- **DATA FOR THE TASK**:
******************************

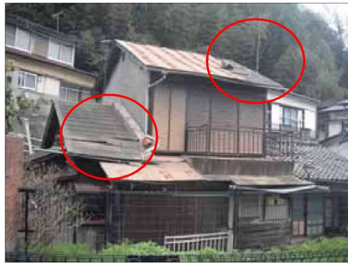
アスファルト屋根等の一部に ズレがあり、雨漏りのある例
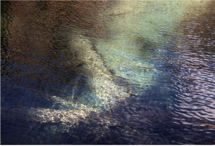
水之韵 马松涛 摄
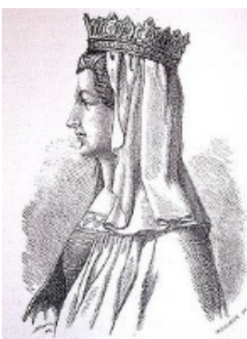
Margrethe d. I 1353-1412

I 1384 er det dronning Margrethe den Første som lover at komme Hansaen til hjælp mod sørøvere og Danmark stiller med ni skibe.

******************************

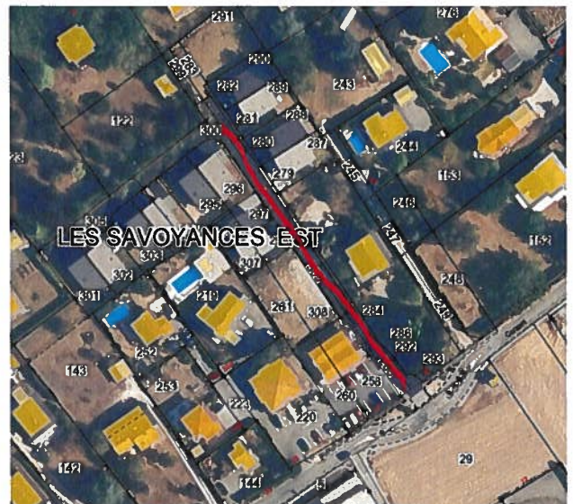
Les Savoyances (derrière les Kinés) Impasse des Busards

******************************

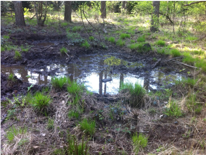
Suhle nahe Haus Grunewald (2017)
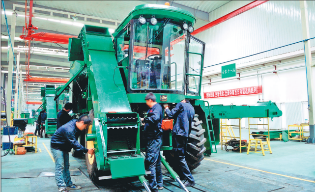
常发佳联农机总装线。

******************************

- **EXERCISE INSTRUCTIONS**:
Although pictures appear among the records above, none are to be output; print exactly the lines from the line containing "アスファルト屋根等の一部に ズレがあり、雨漏りのある例" through the line containing "I 1384 er det".

- **REPLY**:
アスファルト屋根等の一部に ズレがあり、雨漏りのある例
水之韵 马松涛 摄
Margrethe d. I 1353-1412

I 1384 er det dronning Margrethe den Første som lover at komme Hansaen til hjælp mod sørøvere og Danmark stiller med ni skibe.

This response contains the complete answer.